→ **Directions**
Retype the lines below exactly, but only those from the line that has "connecting to vehicle." through the line that has "- Alan Scott, un". Omit every picture.

Input START

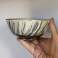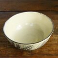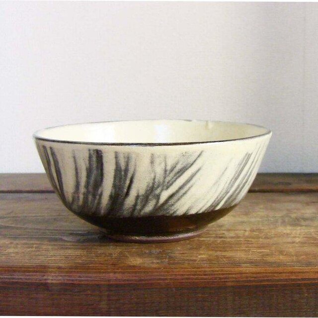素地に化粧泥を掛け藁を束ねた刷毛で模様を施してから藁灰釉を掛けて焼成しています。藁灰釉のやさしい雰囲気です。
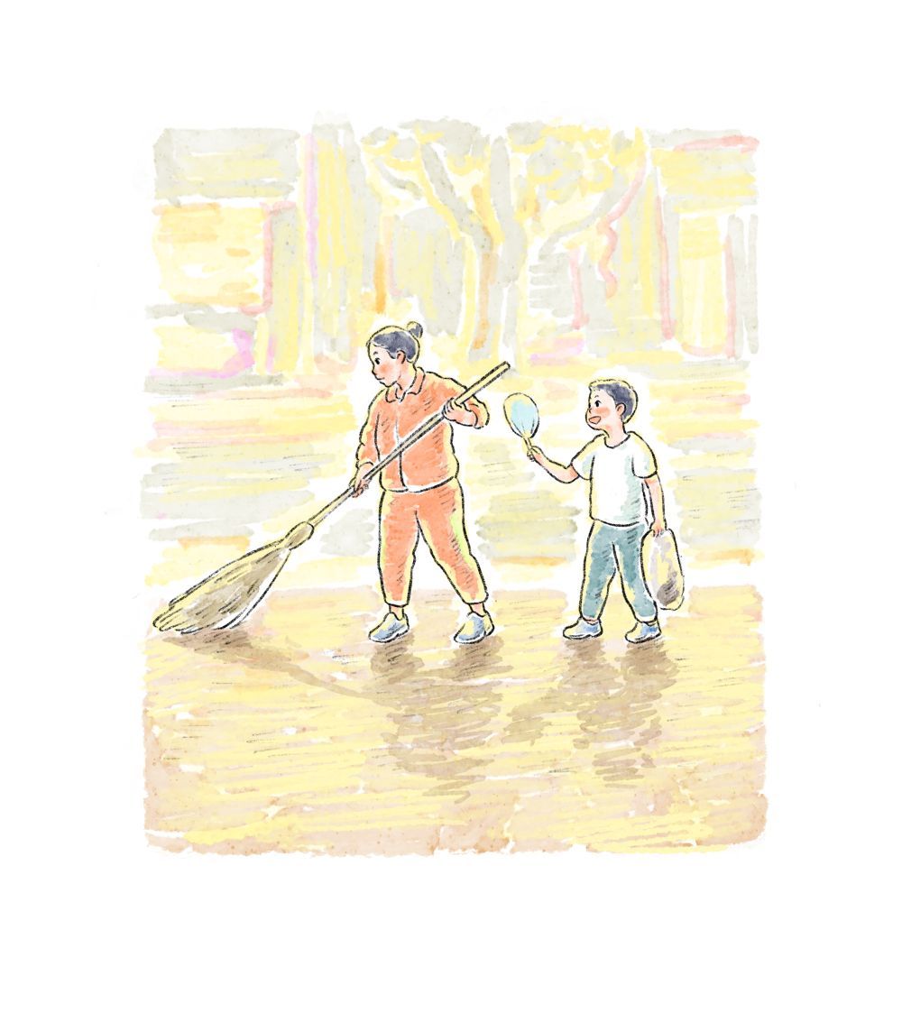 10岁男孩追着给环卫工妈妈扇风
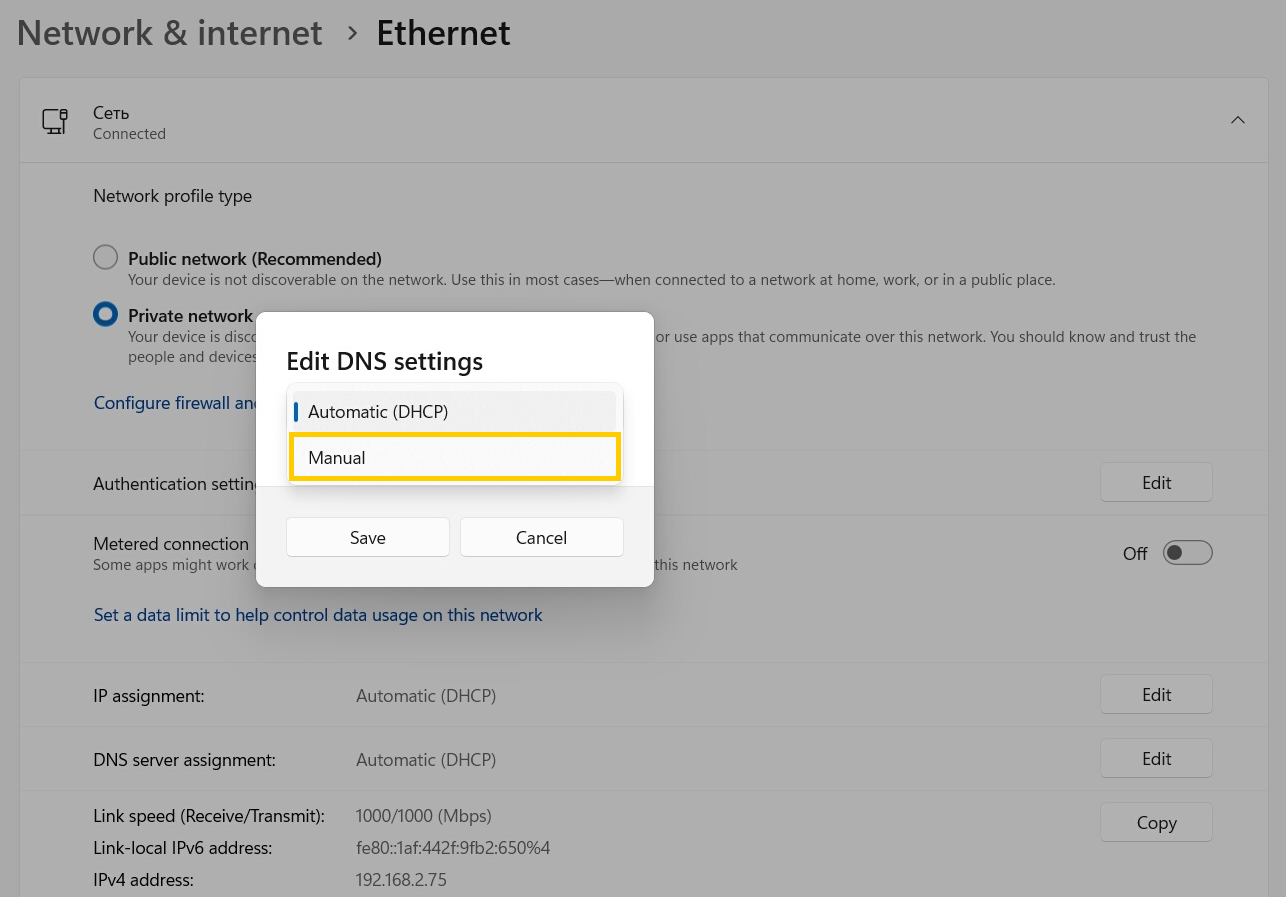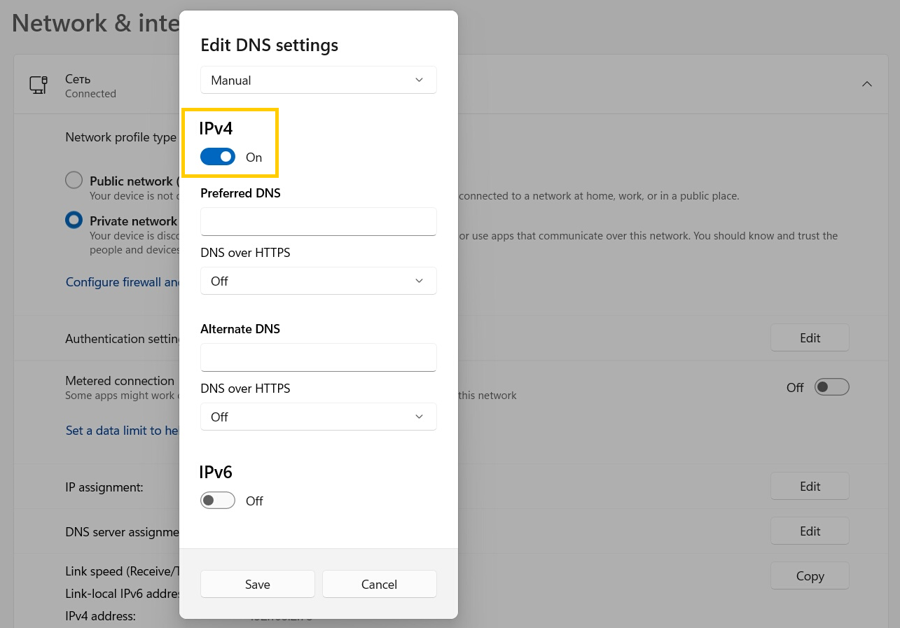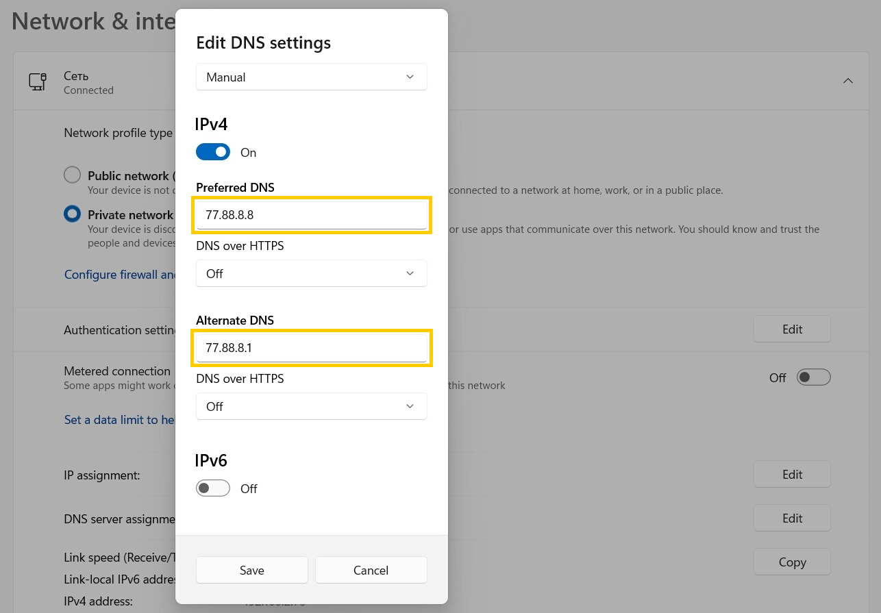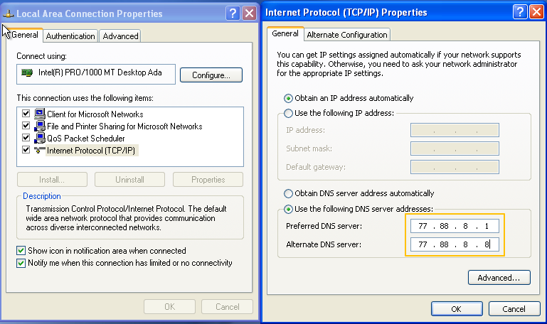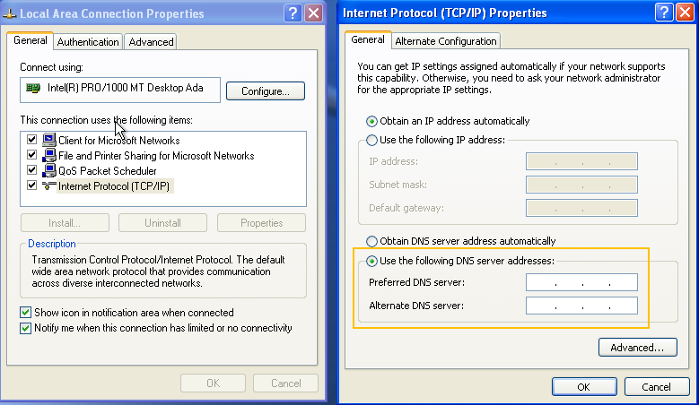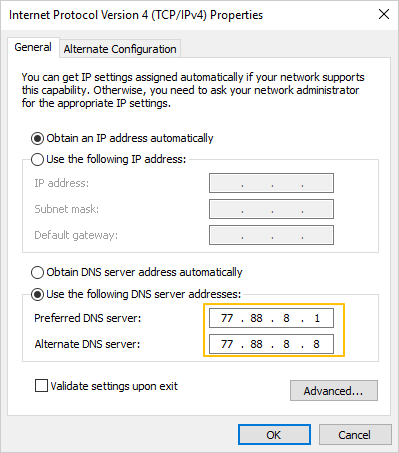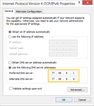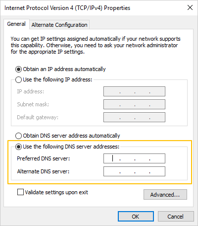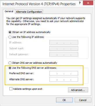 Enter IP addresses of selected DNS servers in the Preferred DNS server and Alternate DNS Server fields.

Input END
Input START

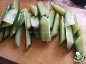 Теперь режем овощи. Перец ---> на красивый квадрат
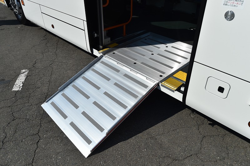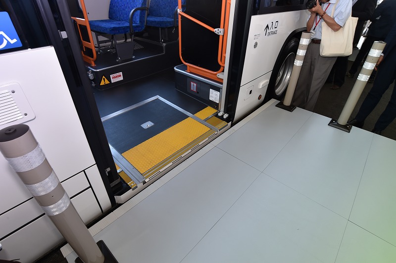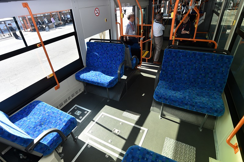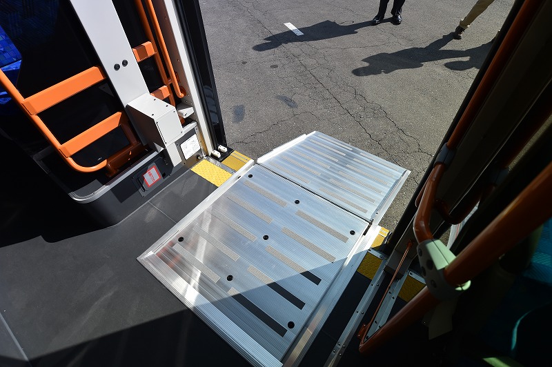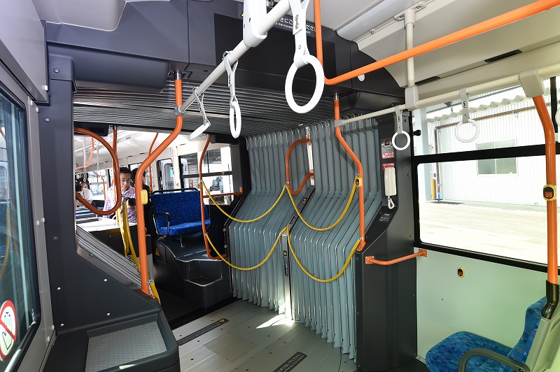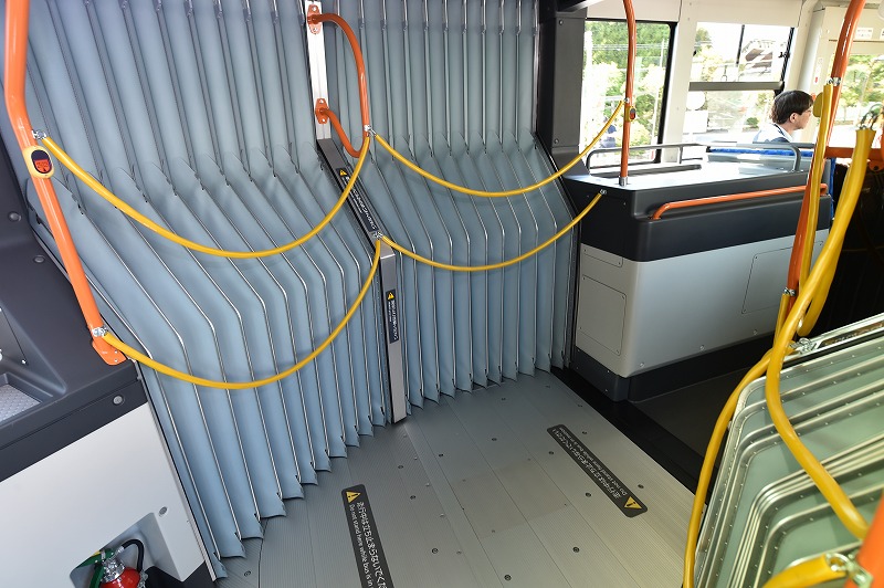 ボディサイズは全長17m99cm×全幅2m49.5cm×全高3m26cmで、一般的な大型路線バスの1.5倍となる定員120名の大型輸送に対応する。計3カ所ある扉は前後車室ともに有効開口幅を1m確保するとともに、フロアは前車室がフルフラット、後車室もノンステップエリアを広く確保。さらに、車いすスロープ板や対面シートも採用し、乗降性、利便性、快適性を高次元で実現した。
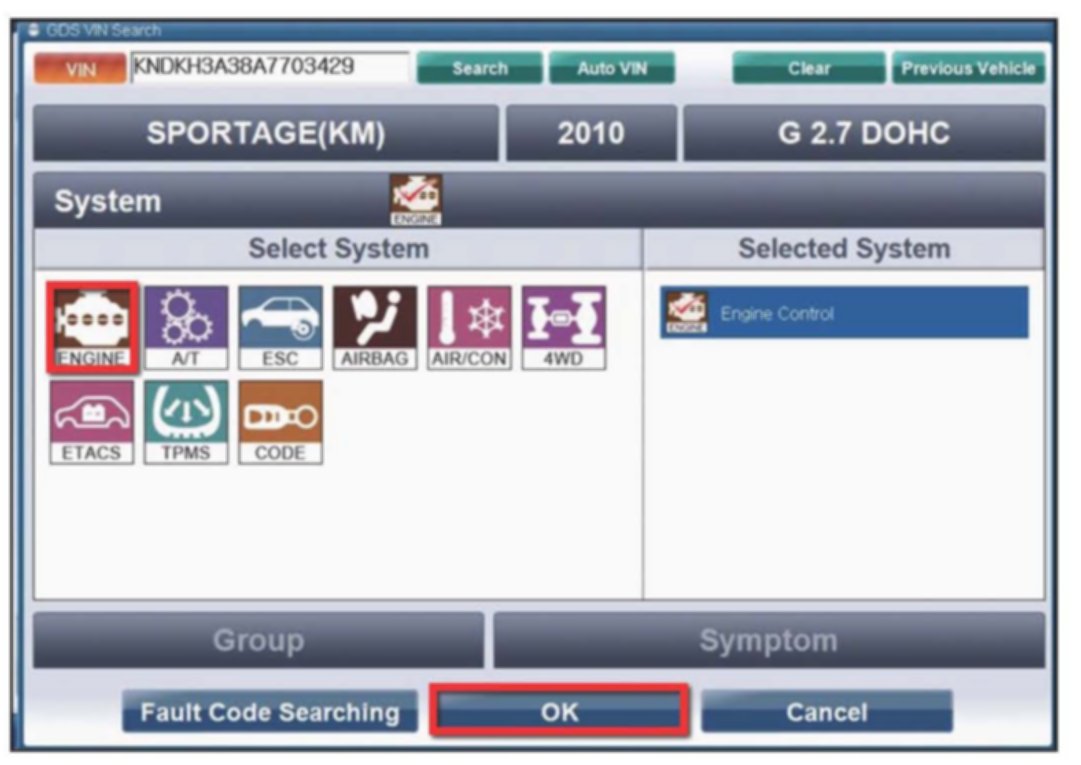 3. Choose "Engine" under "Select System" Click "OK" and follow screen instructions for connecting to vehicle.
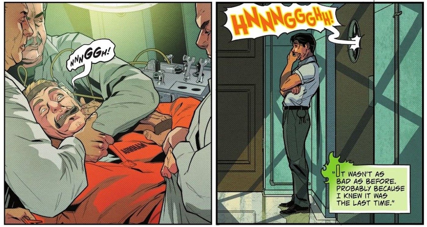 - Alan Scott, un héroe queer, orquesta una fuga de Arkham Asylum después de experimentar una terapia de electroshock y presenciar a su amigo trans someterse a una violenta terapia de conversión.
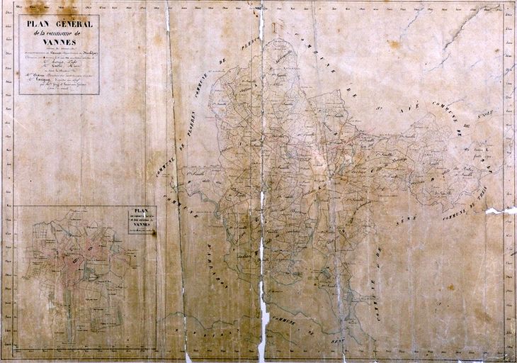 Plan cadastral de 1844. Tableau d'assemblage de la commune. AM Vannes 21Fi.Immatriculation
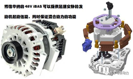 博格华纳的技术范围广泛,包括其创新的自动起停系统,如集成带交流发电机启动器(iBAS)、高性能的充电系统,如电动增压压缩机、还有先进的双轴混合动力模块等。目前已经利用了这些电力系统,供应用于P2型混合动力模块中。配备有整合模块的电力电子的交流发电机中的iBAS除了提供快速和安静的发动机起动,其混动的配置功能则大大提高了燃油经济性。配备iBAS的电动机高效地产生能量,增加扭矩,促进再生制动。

Input END
Input START

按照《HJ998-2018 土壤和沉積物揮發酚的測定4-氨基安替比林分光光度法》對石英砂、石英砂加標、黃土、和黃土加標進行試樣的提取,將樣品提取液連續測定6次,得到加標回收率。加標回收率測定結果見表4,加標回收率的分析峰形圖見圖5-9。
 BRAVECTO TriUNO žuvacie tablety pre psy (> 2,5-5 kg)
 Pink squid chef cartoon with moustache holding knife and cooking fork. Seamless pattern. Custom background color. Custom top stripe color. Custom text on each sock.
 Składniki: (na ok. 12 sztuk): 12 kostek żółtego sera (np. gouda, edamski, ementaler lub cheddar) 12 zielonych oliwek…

Input END

→ **Result for this task**
 3. Choose "Engine" under "Select System" Click "OK" and follow screen instructions for connecting to vehicle.
 - Alan Scott, un héroe queer, orquesta una fuga de Arkham Asylum después de experimentar una terapia de electroshock y presenciar a su amigo trans someterse a una violenta terapia de conversión.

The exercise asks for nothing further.